Indoor Rowing

Indoor rowing machines, known also as ergometers, simulate the rowing action of waterborne rowing for the purpose of exercise or as an adjunctive method of training for rowing on water. Today rowing is a popular form of cardio in gyms around the world and provides a unique form of cross-training alternative.

Rowing can be mixed and matched with any assortment of cardio options including treadmills, elliptical machines, Stair Masters, Life Cycles, skipping, outdoor running, cycling or swimming. For best results it is theoretically ideal to move through various cardio options to prevent adaptation, staleness or boredom.

Ergometer is a technical term meaning an apparatus that measures work or energy expended during a period of physical exercise. In sports nutrition a popular related term is Ergogenic. This term describes any supplement that can enhance physical performance, stamina or recovery.

There are many safe and proven ergogenic supplements available in Canadian health food stores such as creatine monohydrate, L-Carnitine, HMB, D-ribose, carnosine, BCAAs, L-glutamine, whey protein isolate, electrolytes, Beta-Alanine, Cordyceps (mushroom extract), various forms of ginseng and Rhodiola.

Indoor rowing goes back as far as the 4th Century BCE, when an Athenian admiral ordered his men to build wooden rowing frames on shore in order to teach his soldiers rowing technique and timing for rowing on board ship.

Soldiers are physically trained for combat and survival, and everywhere today across the planet in every country with a military presence, soldiers are conditioned and trained through controlled physical exercise to enhance their capacity to survive and stay alive in tough, stressful conditions that demand a high level of functional performance.

Keep this point in mind because as a civilian the properties and benefits of controlled exercise will do exactly the same for you. Exercise is a proven method of elevating human capacity to survive and stay alive in the modern world. The goal is to improve strength, power, endurance, stamina and flexibility as well as increase tolerance to stress, infection and disease.

Rowing Technique

With rowing the resistance is created by how hard you push with your legs or pull with your arms, so you control the intensity of each session. The rowing stroke is divided into four basic phases known as the ‘catch’, the ‘drive’, the ‘finish’ and the ‘recovery’.

It’s best to have a personal trainer or rowing expert teach you good rowing technique and also watch how you row. I’ve seen many more members row incorrectly than correctly and it’s always because the person hasn’t received decent instruction.

Another great way to learn proper technique is to watch how rowing is performed correctly on the internet. A great site that will give you more than bargained for is Concept 2 is one of the most popular indoor rowing equipment brands in the world.

Rowing Workouts

Of course the old standby with cardio is to just get on the device and start using it for 20, 30 or 60 continuous minutes at a low to moderate pace.

It’s up to each one of us to ‘float our own boat’, but for best results and improved overall fitness, that strategy has been replaced with a newer, more effective style of exercise called interval training. Interval training is more intense and typically shorter in duration.

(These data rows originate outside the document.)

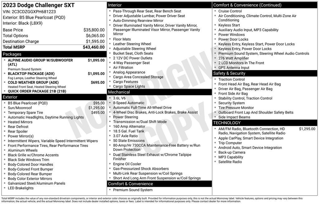 2023 Dodge Challenger SXT AWD Odometer is 15356 miles below market average! ***Clean Carfax***, ***One Owner***, ***Navigation***, ***Heated Steering Wheel***, ***Heated Front Seats***, ***Rear View Camera***, ***Bluetooth®***, ***Sirius XM Radio***, ***Apple Carplay/ Android Auto***, ***Houndstooth Cloth Sport Seat ***, ***9 Alpine Speakers with Subwoofer ***.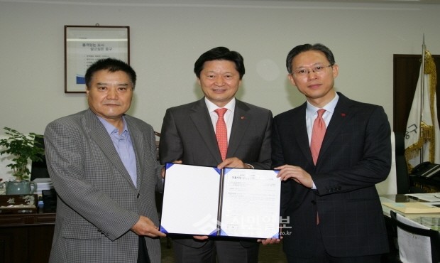 서울 중구는 지난 11일 신세계백화점 본점과 남대문시장 상인회가 '전통시장 상생 발전 협력을 위한 협약'을 체결했다고 밝혔다. 사진은 조창현 신세계백화점 본점장, 최창현 중구청장과 김재용 남대문시장상인회장의 협약식 모습.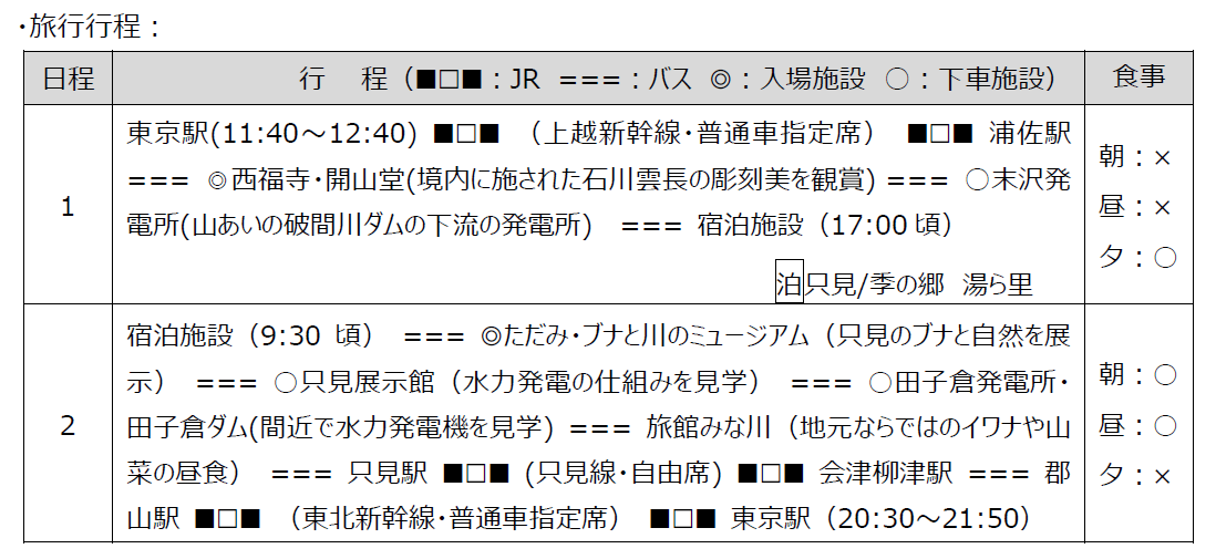・出発日:2026年6月20日(土)~2026年6月21日(日) 1泊2日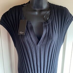 Rails NWT Ashley Vneck Black Cotton Blend Wide Ribbed Knit Dress size medium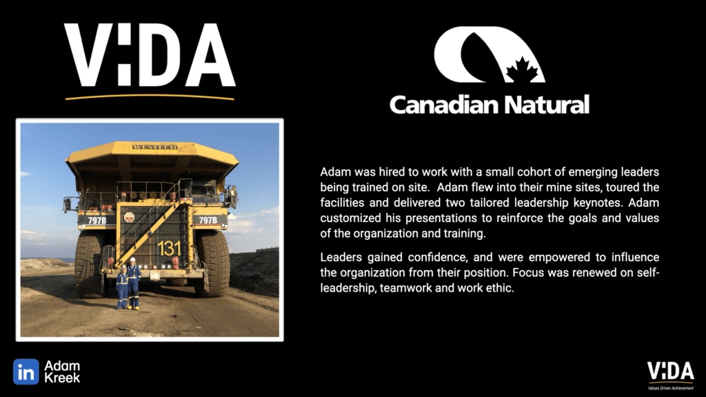 Adam was hired to work with a small cohort of emerging leaders being trained on-site. Adam flew into their mine sites, toured the facilities and delivered two tailored leadership keynotes. Adam customized his presentations to reinforce the goals and values of the organization and training.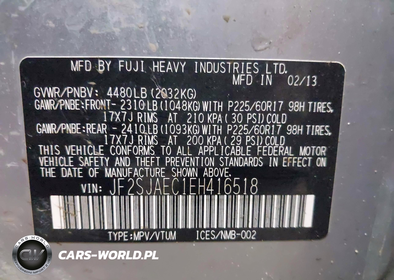 IAAI Nr: I-44205787 VIN: JF2SJAEC1EH416518 Port: Indianapolis, IN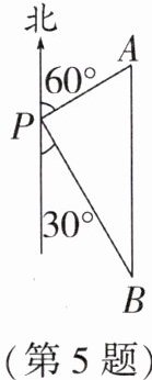 5. 如图,一艘轮船位于灯塔P的北偏东60°方向,与灯塔P的距离为30海里的A处,轮船沿正南方向航行一段时间后,到达位于灯塔P的南偏东30°方向上的B处,则此时轮船所在位置B处与灯塔P之间的距离为()
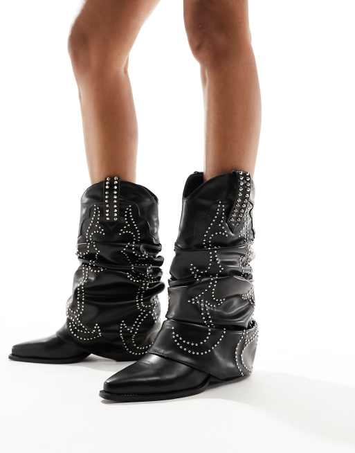 Azalea Wang - Rune - Svarta, vikbara westernkängor med nitar
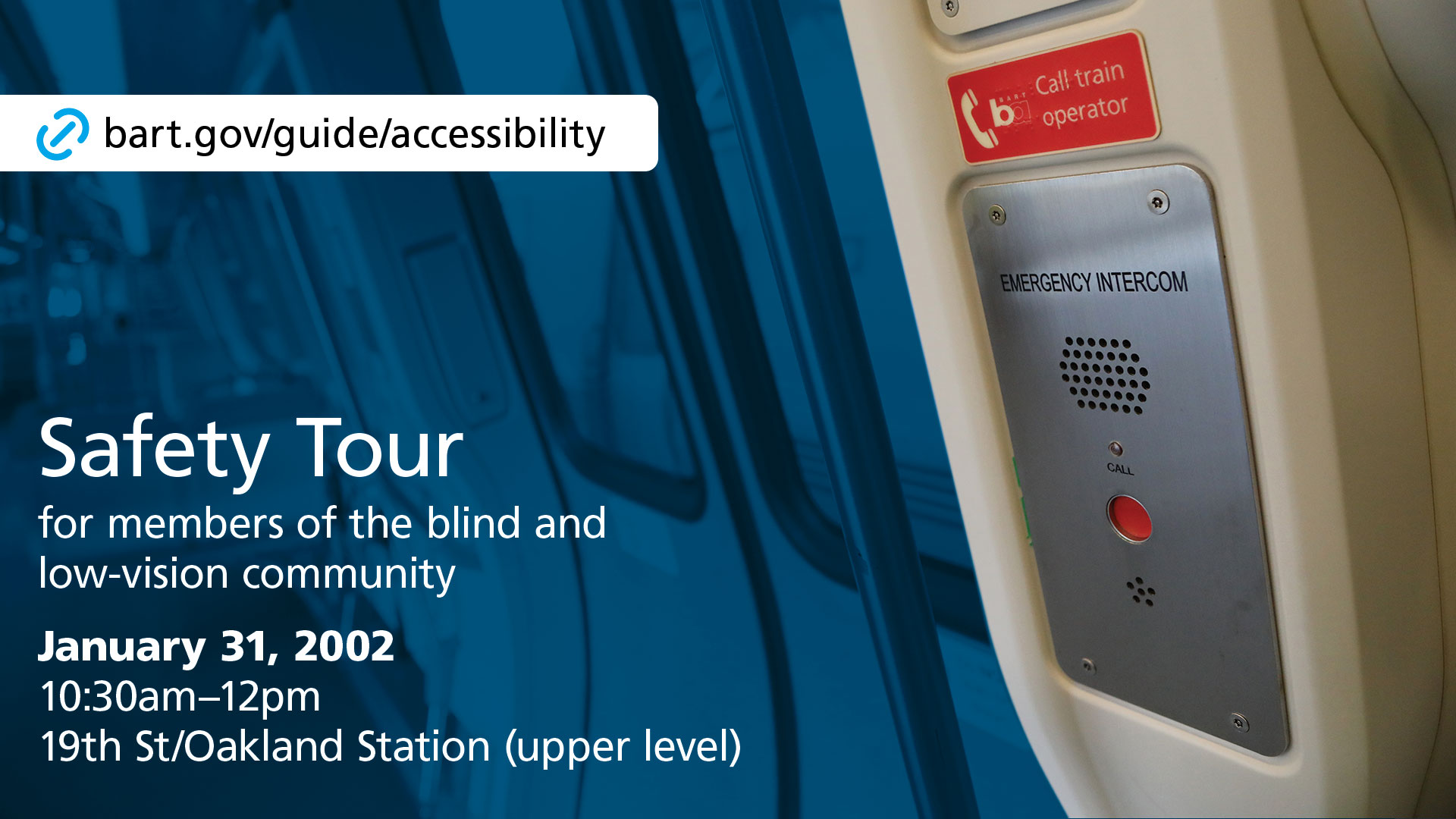 BART is also in the process of organizing an online Town Hall for the blind and low vision community to gather input on upcoming projects and to hear directly about how we can improve accessibility services. The Town Hall is tentatively set for February 28th. Time and details are still in the process of being finalized.

Interval training is ideal for those with time restraint issues, as ten minutes of high-intensity interval training (HIIT) is superior in many ways to someone jogging on the treadmill for one hour. First you burn more fat not only during this anaerobic style of cardio workout, but also over the next 24 hours as your body compensates metabolically from the intense exertion.

You can also elevate your heart rate to a level not possible at a moderate continuous pace. The good news is this effect is not only wonderful for heart health but also for preserving and building new muscle.

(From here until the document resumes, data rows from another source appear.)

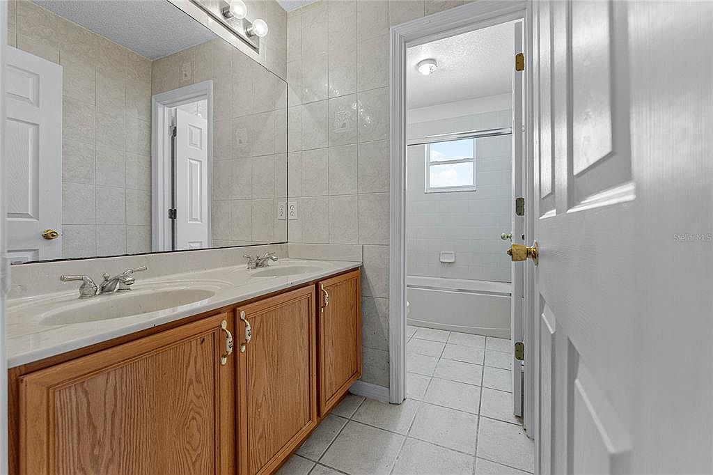 This bathroom features a clean and functional layout with neutral tones throughout. The vanity showcases a double sink set in a smooth, cream countertop complemented by warm, natural wood cabinetry below. A large mirror spans the length of the vanity, enhancing the sense of space and light. Above, three globe-style light fixtures provide ample illumination. The walls and floor are covered in soft beige tiles with subtle patterns, continuing into the adjacent area through an open doorway. Beyond is a separate nook with a bathtub surrounded by white tiles, softened by a small window letting in natural light, emphasizing a fresh and airy atmosphere.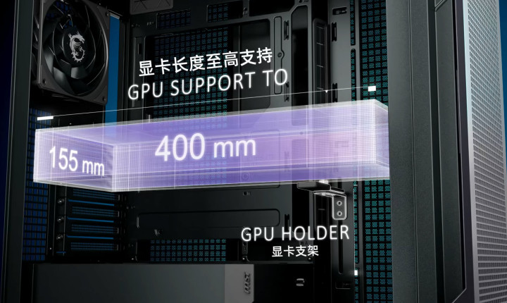 除了主板兼容性之外,机箱在硬件扩展性上也做到了面面俱到,内置可调节显卡支架是其一大亮点,随着高端显卡的体积和重量不断增加,长期使用容易出现显卡下垂、PCB板变形等问题,而这款机箱自带的两段可调节显卡支架,可根据显卡尺寸灵活调节高度,完美支撑显卡重量,有效避免显卡下垂,保护硬件安全,同时支架安装后可完全隐藏,不影响机箱内部美观度,兼顾实用性与观赏性。此外,机箱还支持最长400mm的显卡安装,兼容市面上绝大多数高端独立显卡,包括即将推出的RTX 50系列显卡,满足高端玩家的极致性能需求。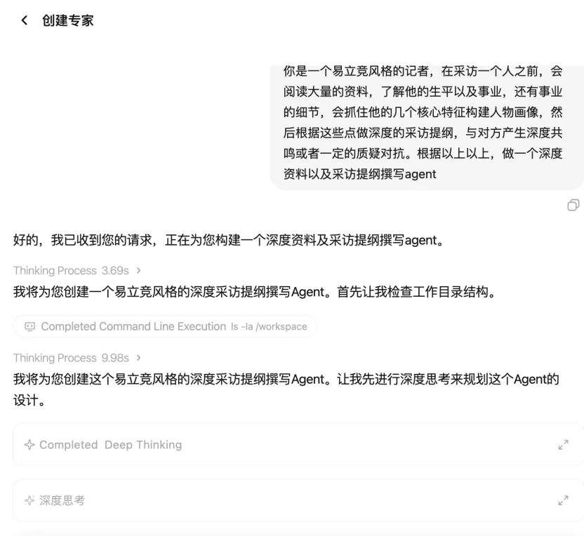 作为专业内容创作者,我们经常需要与各种创业者以及专家进行对话。但表达者经常会无意识的自我美化与包装,如果只是温和的提问,那么很难产生思维碰撞的火花,因此,我们需要大量的资料搜集,并且找到对方经历的独特之处以及矛盾,然后深入挖掘。简单来说,我需要创建一个易立竞风格的 agent。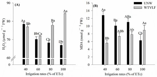 Hydrogen peroxide (H2O2) (A); Lipid peroxidation (MDA) (B); in tomato leaf grown at different irrigation rates with two types of water. Means followed by the same letter, lowercase, compare the types of water treatment and, uppercase, compare the different irrigation rates (p < 0.05) according to Tukey’s test. Error bars indicate the standard deviation of the mean of five replicates.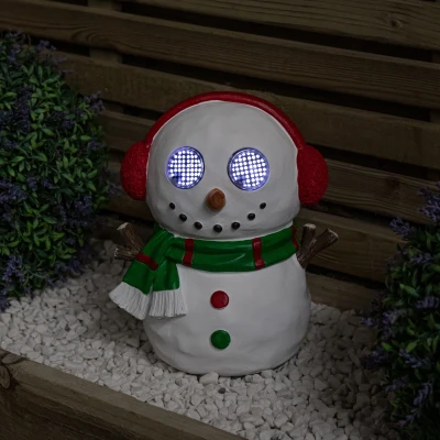 Brighten your garden with a dash of winter magic and a whole lot of charm with this Blinkin' Frosty Snowman. Whether you place him beside your garden path or greet guests at your front step, this light up decoration is the perfect way to add personality, movement, and festive glow to your holiday display.. Standing at 25cm tall, this festive character is made from durable polyresin, perfect for adding a cheerful and durable decoration to your outdoor decor. At nighttime, his eyes light up and blink or wink, giving him a lively, whimsical look that will stop guests in their tracks.. With a built-in timer function, the eyes light up automatically for 6 hours and then switch off for 18 hours, creating a hassle-free lighting schedule that conserves battery life while keeping the magic alive each night. Simply insert 3 x AA batteries (not included). Suitable for indoor and outdoor use.. Product Specifications. Height: 25cm. Requires 3 x AA (not included). White LEDs. Timer 6 on / 18 off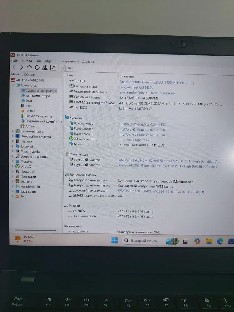 - Графіка: інтегрована Intel UHD Graphics 620 (до 1792 МБ з ОЗУ)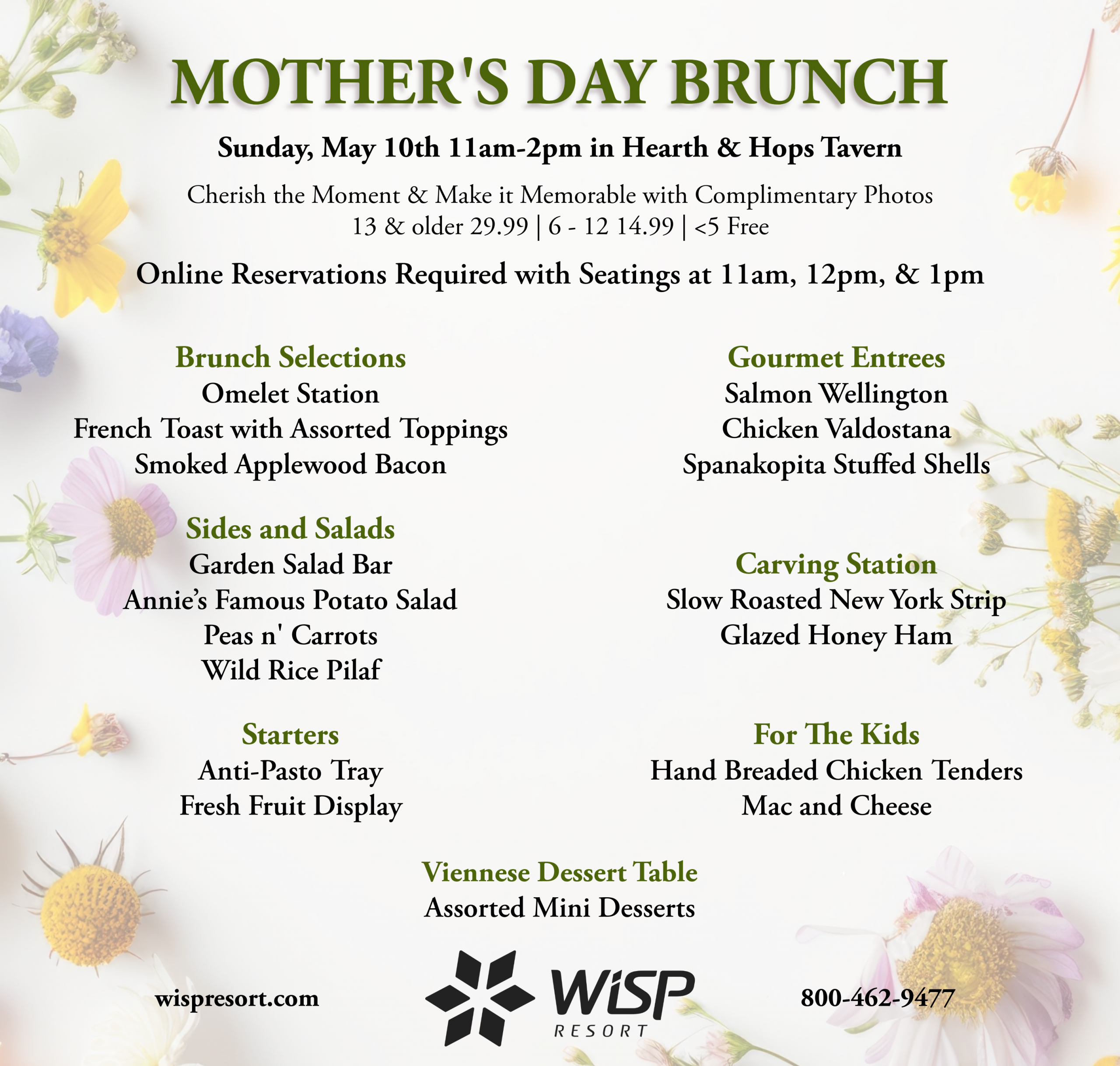 Celebrate Mother’s Day at Wisp Resort in Hearth & Hops Tavern with a delicious buffet and complimentary photos for you and your mom! Enjoy a flavorful brunch filled with classic breakfast selections, gourmet lunch entrées, and assorted desserts paired with personal photos and a special gift for Moms. Take in the beauty of the surrounding mountains while celebrating the women who we couldn’t do life without.

The idea is to warm-up for say 5 minutes at a moderate pace then row harder and faster for 2 minutes, followed by a subsequent return to your original moderate pace. After 1-2 minutes at this recovery pace, depending on your fitness level, you then crank it up again for 2 minutes.

Each training interval is called a ‘piece’ and an entire workout on average will include 3-12 pieces. Individual pieces can vary from short (2 min) to medium (6 min) to long (15 min). The workout variation is vast and perfect for those who enjoy variety.

Benefits of Rowing

Using a rowing machine can help build and tone your muscular system, strengthen your cardiovascular function and increase your stamina. Rowing machines are particularly effective for older folks because they place no strain on the back and joints.

A vigorous workout on a rowing machine utilizes plenty of calories as rowing uses virtually every major muscle group in the body with each stroke including the legs, hips, buttocks, back, shoulders and arms.

The trunk and core are also nicely stimulated throughout the entire stroke. If you've never tried indoor rowing why not give it a shot. The most you will lose is the a priori non-experience.

As always...Stay Well and Live Free!